> **What is needed**: Please return exactly the lines below that run from the line with "Skin-friendly waterproof beach" through the end of the listing, both included, but not the pictures.

> **Supplied data**:

———

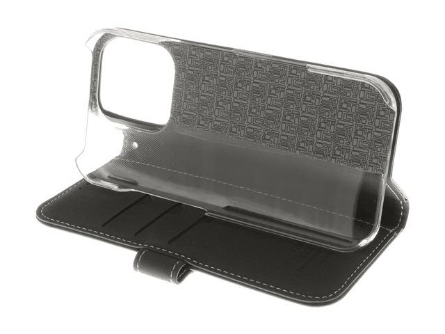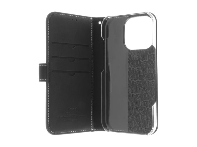 Insmat Exclusive - Vikbart fodral för mobiltelefon - genuint läder, kartong+papper+aluminiumfolie, polykarbonat (PC), bomullssömmar - svart - för Apple iPhone 16 Pro 650-3280
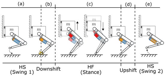 Figure 17 illustrates a test sequence analogous to a complete gait cycle: starting from rest, the leg first swings at high-speed in HS mode (a) then the foot hits the ground at high speed. The actuator detects this impact and downshifts in HF mode by closing the valves (b). Then, the leg moves up then down, lifting a  payload (c). Finally, valves are opened (d) to allow the leg to be retracted quickly using the HS mode (e). Control signals from the experiments are shown at Figure 18. Note that the net output force signal (at output cylinder) is derived from the localized pressure sensor.
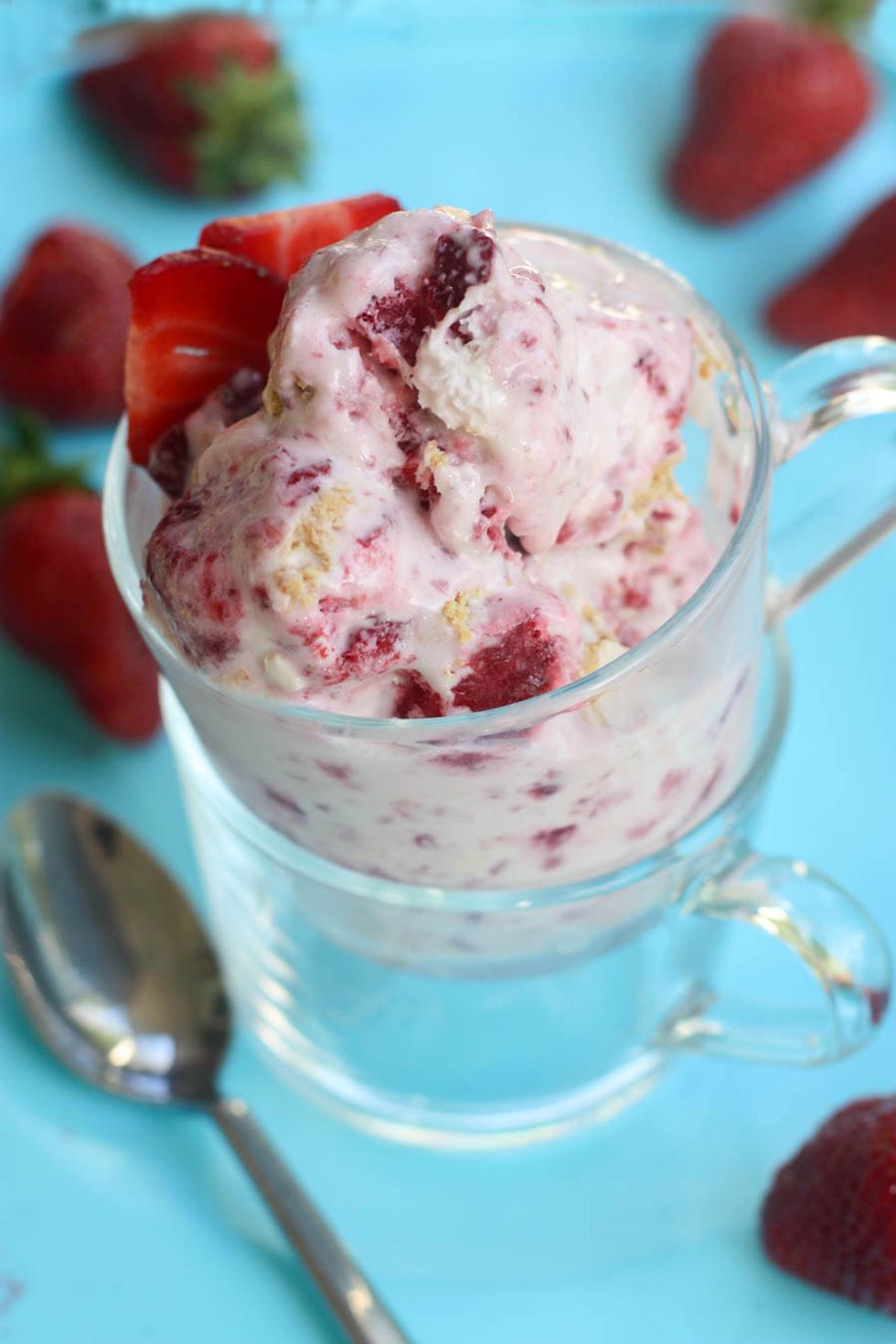 his Strawberry Cheesecake Ice Cream couldn’t be yummier or easier! No churn, no ice cream maker needed, with bits of fresh strawberries and graham cracker crumble.
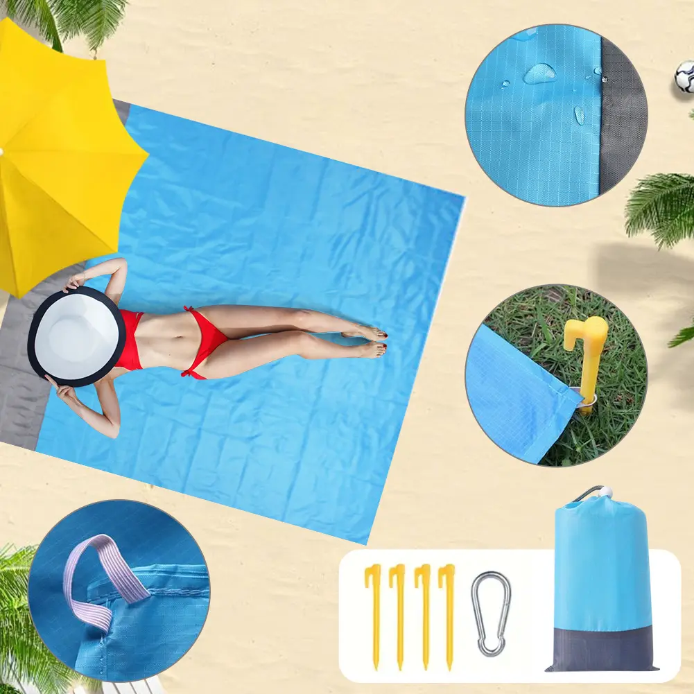 Skin-friendly waterproof beach mat: Sewn polyester fabric, it has good wear resistance and dries quickly, improving your comfort at the beach or outdoor activities. Let your family and friends enjoy the sea and sun on the summer beach!
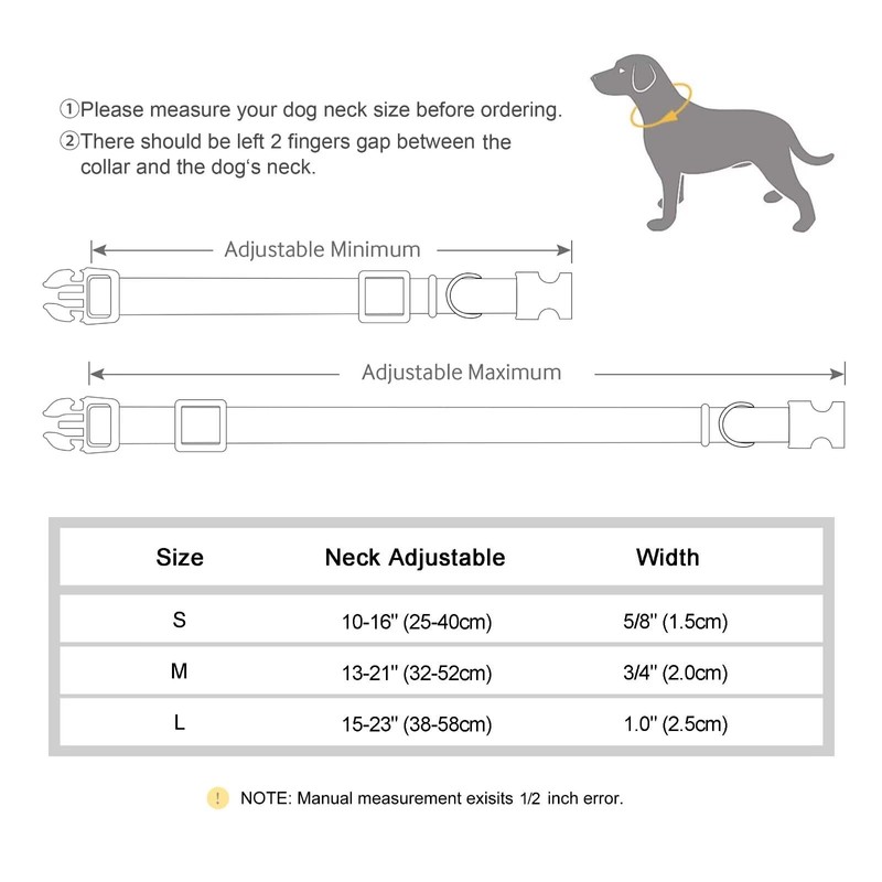 - SIZE ATTENTION: Pls carefully measure your dog neck size first and leave 2 figures, then refer to the size chart when purchase. We sincerely hope you could take the correct size collar home

———

> **Written response**:
 Skin-friendly waterproof beach mat: Sewn polyester fabric, it has good wear resistance and dries quickly, improving your comfort at the beach or outdoor activities. Let your family and friends enjoy the sea and sun on the summer beach!
 - SIZE ATTENTION: Pls carefully measure your dog neck size first and leave 2 figures, then refer to the size chart when purchase. We sincerely hope you could take the correct size collar home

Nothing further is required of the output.